Understanding coverage: what does universal social protection really mean?

By Ugo Gentilini, Senior Economist, Margaret Grosh, Senior Advisor, and Michal Rutkowski, Senior Director, Social Protection and Jobs Global Practice, The World Bank


Check out the upcoming international conference Together to achieve Universal Social Protection by 2030 for more on this topic


wiego_accra_informalecon-e1548680858900.jpgThe notion that social protection is “universal” rests on two elements, namely that “everyone” is “covered.”

In many cases, the debate revolves around the “everyone” aspect – that is, the rationale and modalities to cover all members of society and not just some. Yet, this assumes clarity on the meaning of “coverage.” This is a big assumption.

In health insurance, for example, the goal is to provide coverage to all, so that in the event people fall sick, they get health services. For contributory pensions, unemployment or disability insurance programmes, coverage is used in an analogous way.

In most periods, people covered by such insurances will benefit from a guarantee or a promise of help when needed, but not necessarily from a payout. In pensions, people are covered for many years before they receive a payment; and many may never be unemployed and hence receive a payout for such a shock.

For social assistance, instead, coverage is often interpreted as receiving an actual transfer. This is quite a difference and a critical issue to clarify.

Such a difference in definition has implications for universal social protection in three ways.

First, if a country has a guaranteed minimum income (GMI) programme, which provides cash when incomes fall below a threshold, the social insurance interpretation would be that – like in the case of unemployment – everyone is covered independently of the event occurring (i.e., income falling). Thus, coverage would be many times greater than the actual benefit roster. A GMI is universal in insurance terms, but it is targeted from a social assistance standpoint.

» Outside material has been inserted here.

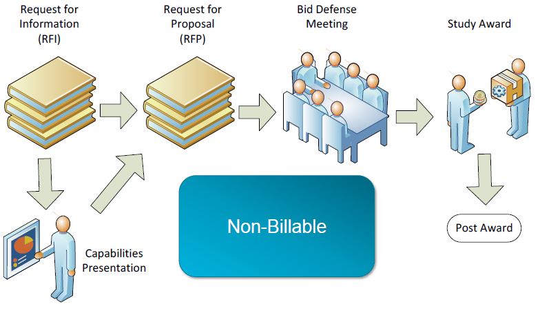 우선 CRO 선정을 하기 위해서는 일단 임상연구에 대한 대략적인 컨셉 & 기본 계획들을 가지고 RFI를 작성해서 마음에 두고 있는 CRO들에 보내고 RFP를 요청한다. 그리고는 1차 스크리능을 거친 후 bid defense meeting을 통해 최종 CRO 선정을 완료한다. CRO 측에서는 이때 BD 팀이 꾸려지고, 이때 하는 일은 모두 non-billable 하다...

Second, part of the social assistance community refers to programmes for the elderly or children as universal. But what is really meant is that eligibility for such programmes entail no requirement other than age. Hence, a “universal social pension”, for example, is again universal from an insurance perspective, but it is targeted from a social assistance viewpoint.

Third, coverage can refer to a gross or net benefit. Take the quintessential universal programme defined in social assistance terms – i.e., universal basic income (UBI). While everyone receives a payout, those benefits must be financed. Net payments may be lower than gross payments, and some people will pay more than the benefits they receive as an UBI payout. Thus, some people are nominally beneficiaries, but de facto financiers. The programme, therefore, stops being universal in social assistance terms.

So where do we go from here? We offer four considerations.

First, targeting and universality are often portrayed as opposing forces. This does not have to be the case. People at the bottom of the welfare distribution require special and urgent support, and the overall benefit structure of universal social protection systems should account for that. Expressed within a vision of universality based on inclusive needs and the gentle ‘tapering’ of interventions, targeting means prioritisation, not exclusion. This is what progressive universalism, espoused by our recent World Development Report 2019 on the changing nature of work, is about.

Second, we need to weigh the trade-offs between coverage, adequacy, affordability and incentives to work. Choices around these interconnected parameters are hard to balance in any country, but especially in lower-income contexts. Those tensions could be relaxed, but not eliminated, by allocating more resources to social assistance compared to current low levels of spending (about 1.5% of GDP), raising revenues through more effective and fair taxation, and directing more resources where needed the most.

Third, such considerations should be interpreted at the system-level. Most current discussions centre on important but micro-issues – e.g., how to define and measure needs, what targeting method to use, which programme to select. But both assistance and insurance approaches encompass a wide range of interventions, and hence a multitude of specific choices. We need to look at the entire set of benefits and taxes across the welfare distribution to understand how the overall system affects the population.

Fourth, coverage is only a means to an end. We should be driven by clear, relevant and measurable outcomes and leverage coverage to achieve them. The education sector, for instance, is increasingly framing its goals around children’s learning performance, and not coverage of pupils. We should think of ways to translate social protection coverage into similarly compelling metrics.

Ultimately, for universal social protection (USP) to be achieved by 2030, we need a steep acceleration in progress – including via key partnerships around USP2030 and SDG 1.3 and through clear thinking about concepts and trade-offs.